Wednesday, April 8, 2020

The Story of Nellie Hill and her Two Graves

Hill Family Plot, Lodi Memorial Cemetery

I have been  meaning to write about Nellie Hill for about 8 years now. It seemed that every time I began to plan to sit down and write her story, something happened in life that distracted me, or I had other responsibilities (such as finishing my latest book) that took precedent. Since we are all stuck at home during this health crisis that will certainly go down in history, I am here today, penning this blog just for you, my readers to finally learn about the story of Nellie Hill and her two graves!
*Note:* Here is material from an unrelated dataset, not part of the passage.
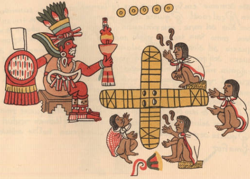 This picture depicts a game of patolli overseen by the god Macuilxochitl from page 048 of the Codex Magliabecchiano

To begin, I  must start with the story of George Washington Hill and Mary Hill of Lodi.  George was born in Brownfield Center, Maine on September 28 of 1846, (According to his death certificate he was born Sept 20, 1845), who came to California in 1869. He married Mary Lewis (daughter of Mary Jane Johnson and Philander Lewis of Ann Arbor, Michigan). The two settled in Lodi, and had two children,  Nellie Etta Hill (Born: 1883) and Maurice Hill (Born: 1899). George was an established jeweler, watch maker and cabinet maker.

When Nellie only three years old, (around 1886), while playing in a rocking chair on the front porch, she rocked the chair forward causing it to lose balance and tumble forward, resulting in a spinal injury that damaged Nellie for the rest of her life.  Because of such an injury, she never grew to the normal size expected, and at the age of 20 was only 4 foot tall with a 2 shoe size.

Around 1901, the Hill family built their beautiful Queen Anne Victorian home at 115 S. School Street in Lodi, which was located literally across from the Post Office. George Hill designed the home himself. In 1948, the home was moved to its current location at 826 S Church Street, which was protested by neighbors in the community who had just built new homes on the street and didn't want the home to be brought there. Still, they managed to do it, and it cost roughly $3,000 in preparation alone to get the home moved in two pieces. Wires had to be elevated on the street and trenches dug, just to get around the electrical and telephone wires in order to safely move the structure.

Nellie Etta Hill
Going back to the story, although Nellie had her physical obstacles, she was committed to being positive and doing what she could to be involved in the community. She loved music, like her brother, and she tried to maintain a social status by being involved in various groups including the choir at the local Lodi Methodist Church. She loved to play the piano, and she even composed a piece of sheet music titled "The Soldiers Farewell" back in 1905, which was considered the first published song by a Lodian. She also loved photography and took many photos which are still within the collection at the Hill House.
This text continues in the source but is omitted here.